I guess they figured out they need to start thinning them out.

I bet before too long they are going to let you start baiting them.

There is a part of me wishing I would have re-joined the club.


----------



## quackman (Aug 7, 2014)

I Think you may be wrong on the bear days , One day Dec 13, you must have been looking at South Ga.


----------



## BBond (Aug 8, 2014)

Yeah you must have seen South GA dates.  Bears have 3 zones and Twiggs County is in the Central.

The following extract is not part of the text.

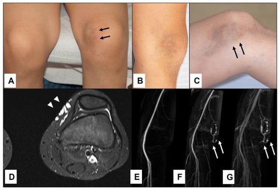 An 11-year-old boy presented with bluish swelling medially on the left knee (A): white (arrowheads). The lesion was compressible and would drain and flatten with the elevation of the leg indicating clinically the venous malformation (B,C)—(white arrowheads). MRI showed the exact location and extension of tubular-cystic venous malformation (D)—(white arrowheads), which filled with contrast material in the venous phase of the MR angiography (E–G)—(white arrows), confirming the clinical diagnosis. The patient was referred to sclerotherapy.

http://www.georgiawildlife.com/sites/default/files/uploads/wildlife/hunting/pdf/regulations/2014-2015_StateSeason_summary_1.pdf


----------



## TylerR11 (Aug 13, 2014)

Any openings left


----------



## ts3600 (Aug 23, 2014)

BBond said:


> Yeah you must have seen South GA dates.  Bears have 3 zones and Twiggs County is in the Central.
> 
> http://www.georgiawildlife.com/sites/default/files/uploads/wildlife/hunting/pdf/regulations/2014-2015_StateSeason_summary_1.pdf



Yeah, DNR put out the reg on line omitting the central zone.  Then a few days later added it back.
One bear day Dec 13.

Still got one spot left


----------



## ts3600 (Aug 23, 2014)

whitetaco02 said:


> 9 bear days!?
> 
> I guess they figured out they need to start thinning them out.
> 
> ...



Frank, Yall should have gotten back in


----------



## whitetaco02 (Aug 23, 2014)

I know, we should have!  The new place is looking promising but it just stinks having to learn a new piece of property.  Maybe next year, just keep us posted.


----------



## ts3600 (Aug 28, 2014)

I got one spot left


----------



## ts3600 (Sep 13, 2014)

*ttt*

One opening left


----------



## catchdogs (Oct 11, 2014)

Can you run dogs on property


----------